Different effects of pravastatin on sFlt-1, PlGF and VEGF in different preeclampsia-like mouse models
10.3760/cma.j.issn.0529-567x.2019.09.005
- VernacularTitle: 普伐他汀对不同子痫前期样模型小鼠sFlt-1、PlGF、VEGF表达的影响
- Author:
Qianqian XIANG
1
;
Zi YANG
;
Jing HUAI
;
Guangjiao WANG
Author Information
1. Department of Obstetrics and Gynecology, Peking University Third Hospital, Beijing 100191, China
- Publication Type:Journal Article
- Keywords:
Pre-eclampsia;
Disease models, animal;
Pravastatin;
Vascular endothelial growth factor receptor-1;
Placenta growth factor;
Receptors, vascular endothelial growth factor
- From:
Chinese Journal of Obstetrics and Gynecology
2019;54(9):601-607
- CountryChina
- Language:Chinese
-
Abstract:
Objective:To explore the pathways of preeclampsia by investigating different effects of pravastatin (Pra) on and soluble FMS tyrosine kinase-1 (sFlt-1), placental growth factor (PlGF) and vascular endothelial growth factor (VEGF) in different preeclampsia (PE)-like mouse models.
Methods:C57BL/6J mice were randomly subcutaneously injected with N-nitro-L-arginine methyl ester (L-NAME) or intraperitoneally injected with lipopolysaccharide (LPS) as PE-like mouse model, saline as normal pregnancy control (Con) respectively, daily at gestational 7-18 days.
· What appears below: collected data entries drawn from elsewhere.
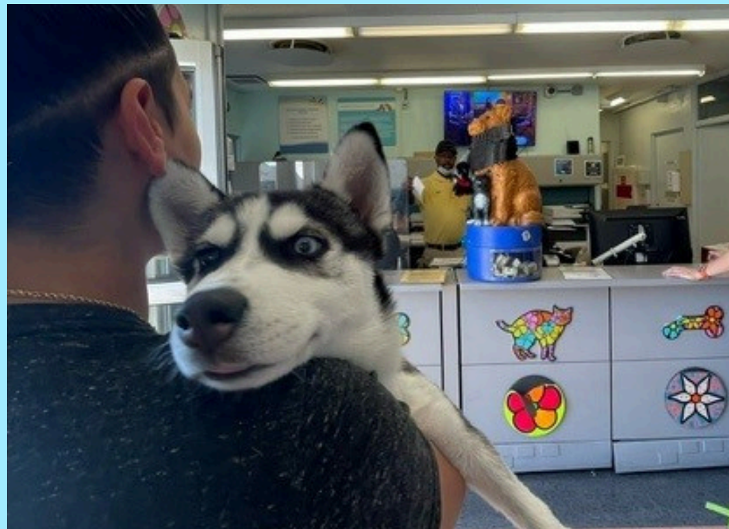
Increase in pet surrenders and stray animals
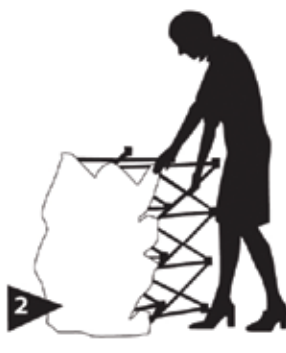
2 Ensure "adjustable feet" of frame are on the floor. Pull up display into upright position.
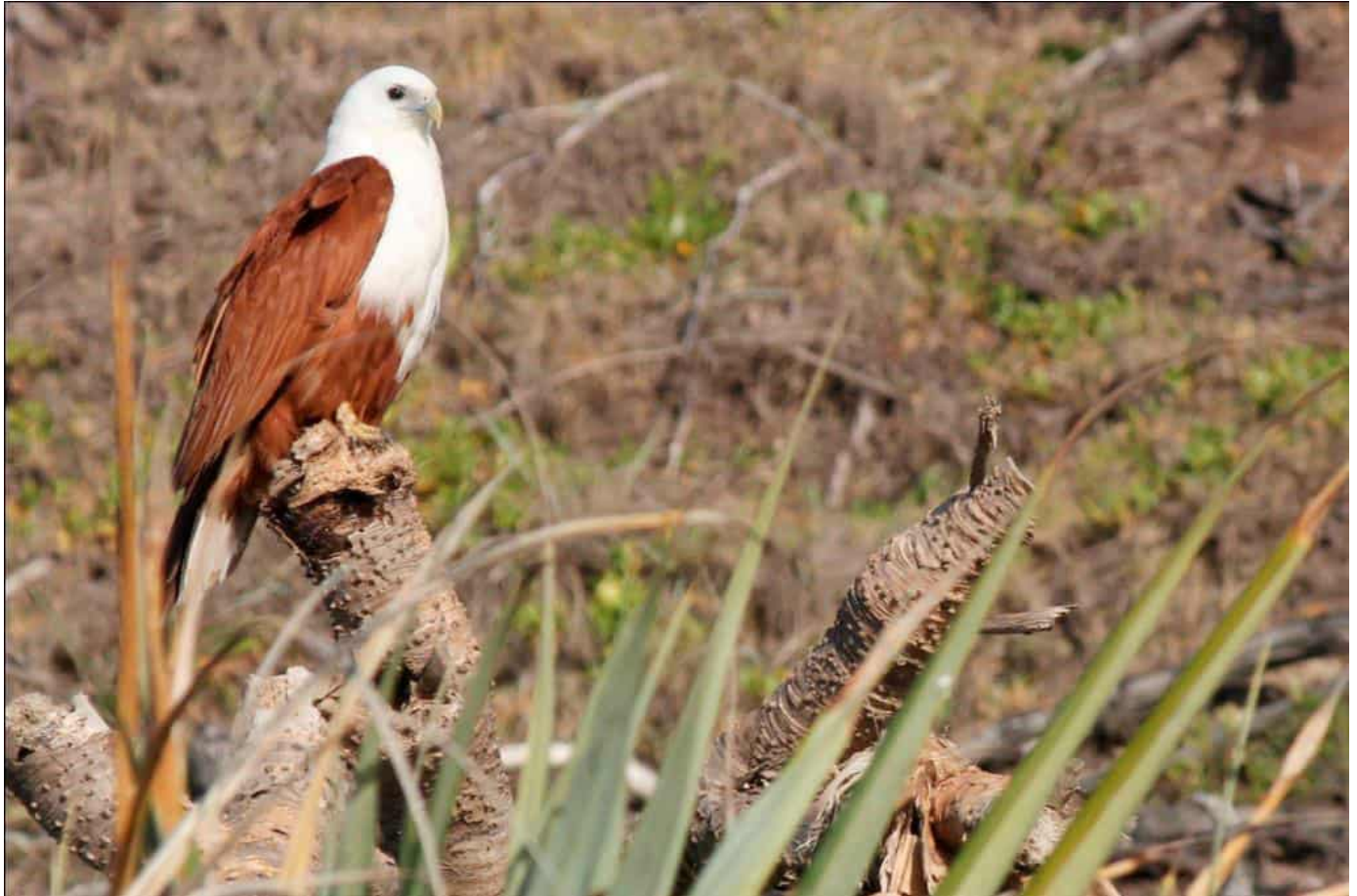
Brahiminy Kite perched on a Pandanas Tree.
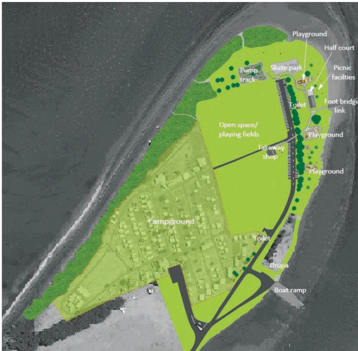
+ FIGURE 4: CAMPGROUND AND RECREATIONAL AREAS AND ASSOCIATED INFRASTRUCTURE ON PAPA HUA RECREATION RESERVE

Whilst the campground governance board is primarily responsible for the camping ground, it has undertaken joint development in the wider reserve including joint development of the BMX track and an exercise circuit. The public use of the campground area of Papahua Reserve, requires users to pay a daily fee for the use of a site and campground facilities.
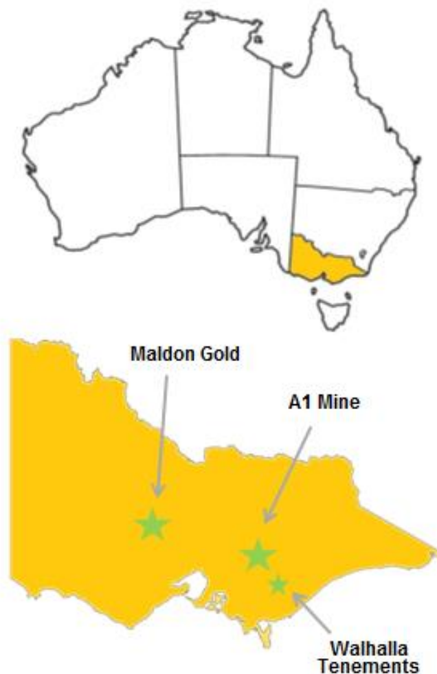
Figure 3: Location of Projects

As announced on 29 August 2014, the Company has entered into an option agreement with Orion Gold NL (ASX:ORN) to acquire Orion Gold's Walhalla tenements.
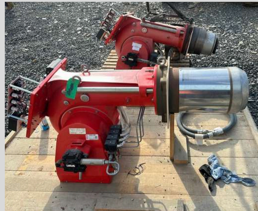
Burner commissioning Cote d'Ivoire
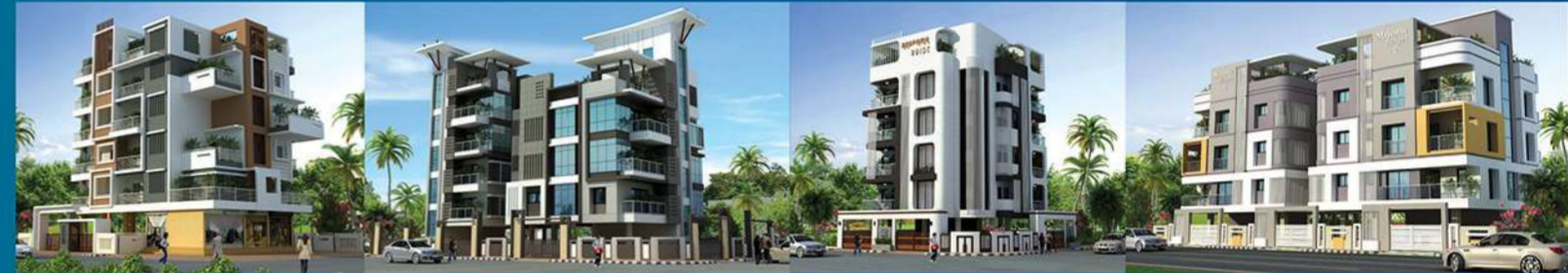
Anupama Deep Mala Anupama Riddhi Siddhi Anupama Pride Anupama Majestic Height I & II
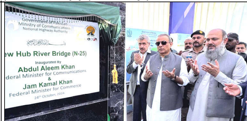
Federal Minister for Board of Investment, Privatization & Communications Abdul Aleem Khan and Federal Minister for Commerce Jam Kamal Khan inaugurating the Hub River Bridge (N-25).

He is a graduate of Royal College of Defence Studies (UK), Army Command & Staff College (Quetta) and National Defence University (Islamabad). The Admiral has an illustrious naval career comprising vast experience of various Command and Staff appointments.
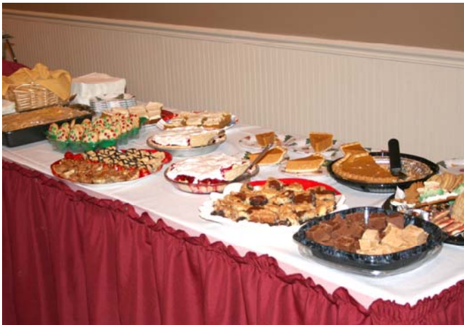
To no one's surprise, club members supplied a tasty selection of desserts.
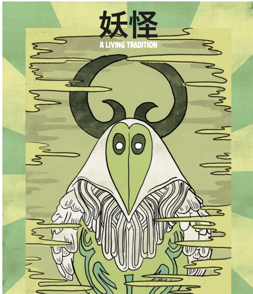
YOKAI - TENGU 1009795 27x17x14 cm 10 3/4 x 6 3/4 x 5 1/2"

Through lines, colors, and form, this particular Tengu offers a contemporary vision of an ancient and fascinating universe. A creation that bridges past and present through the language of design.
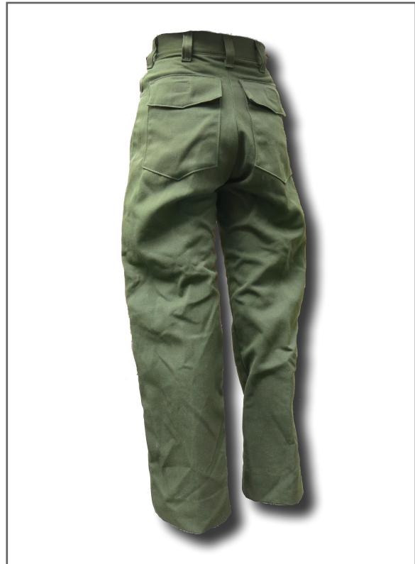
Figure 1 — Previous women-specific wildland firefighter pants.
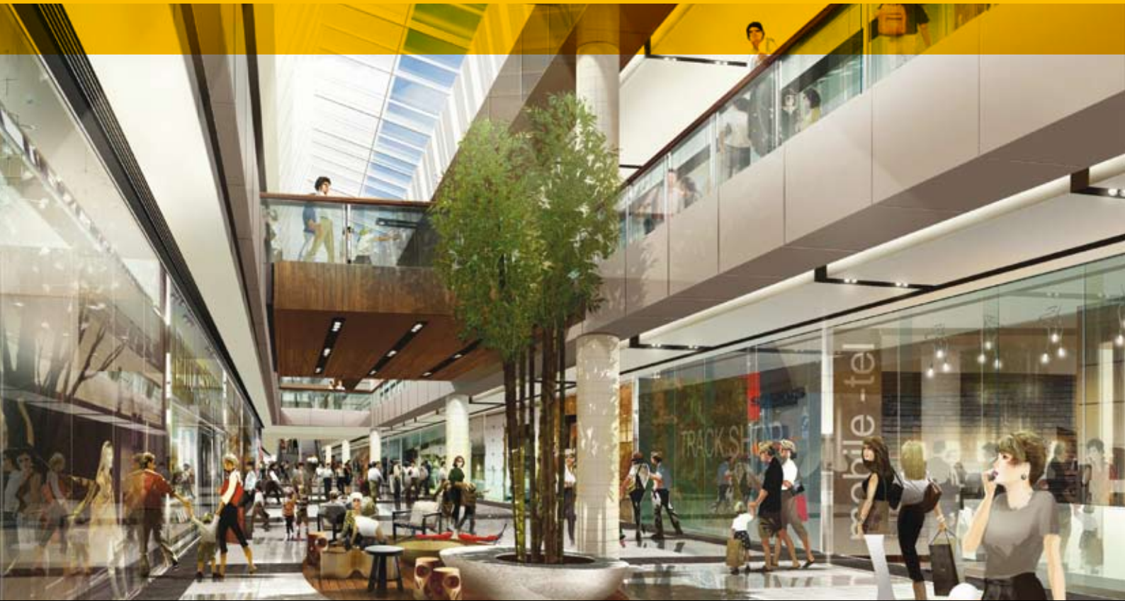
Artist's impression of the planned development

Carindale is ready to enter the next stage, following its resilience over recent years.
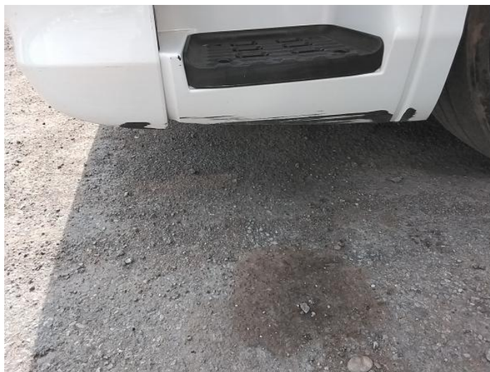
2: Bumper Front Moulding Scratched (Painted) Over 25mm Thru Paint
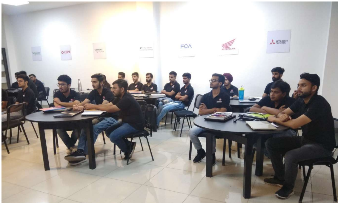
Figure 2: Exciting faces while getting up practical exposure by plumbing experts
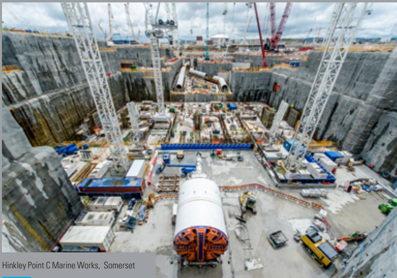
Hinkley Point C Marine Works, Somerset
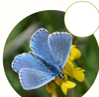
Adonis blue butterfly
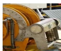
Spooling device (available as geared and auto-air)
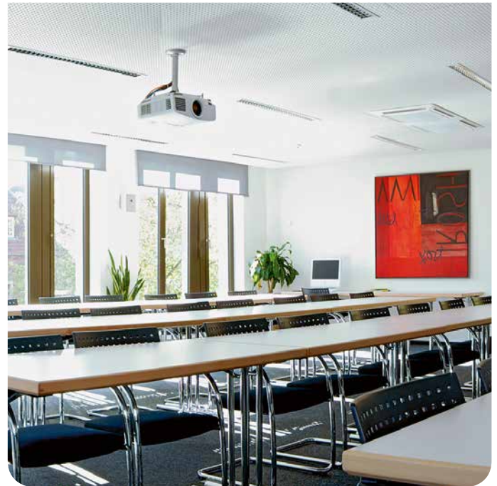
The courses take place in a pleasant atmosphere.

Pra was given daily at gestational 8-18 days in each model group and the mice were divided into Pra (L-NAME+Pra, LPS+Pra, Con+Pra) and saline (L-NAME+NS, LPS+NS, Con+NS) groups. Liver,placental tissue and blood of pregnant mice were collected on the 18th day of pregnancy. The levels of VEGF, PlGF and sFlt-1 in the liver, placenta and serum of mice in each group were compared by western blot, ELISA and real-time fluorescence quantitative PCR (RT-PCR).
Results:(1) ELISA: Serum VEGF (205.70±3.43, 154.60±2.31) and PlGF (131.5±3.75, 101.50±4.31) levels were significantly increased in L-NAME+Pra group compared with L-NAME+NS group (all P<0.05). Serum VEGF (202.30±4.90, 144.50±6.71) and PlGF (121.50±3.86, 95.41±4.08) levels were significantly higher in LPS+Pra group than those in LPS+NS group (all P<0.05). Serum sFlt-1 level in LPS+Pra group was significantly lower than that in LPS+NS group (3.01±0.50, 776.60±80.06), serum sFlt-1 level in L-NAME+Pra group was significantly lower than that in L-NAME+NS group (2.60±0.06, 583.70±9.83; all P<0.05). (2) Western blot: the expression levels of PlGF (1.344±0.118, 0.664±0.143) and VEGF (1.34±0.12, 0.66±0.14) in the liver of mice in the L-NAME+Pra group were significantly higher than those in the L-NAME+NS group (all P<0.05), but the expression levels of PlGF and VEGF in the placenta of L-NAME+Pra group were not significantly different from those of L-NAME+NS group (all P>0.05). The expression levels of PlGF and VEGF in placenta and liver of pregnant mice in LPS+Pra group were not significantly different from those in LPS+N group (all P>0.05). (3) RT-PCR: the mRNA expression of PlGF and VEGF in placenta and liver of L-NAME+Pra group were not significantly different from those in L-NAME+NS group (all P>0.05). The mRNA expression levels of PlGF and VEGF in placenta and liver of LPS+Pra group were not significantly different from those of LPS+NS group (all P>0.05).
Conclusions:Pra has different regulatory effects on vascular endothelial function in different PE-like models. It reveals that different pathogenesis and pathways exist in different PE-like changes.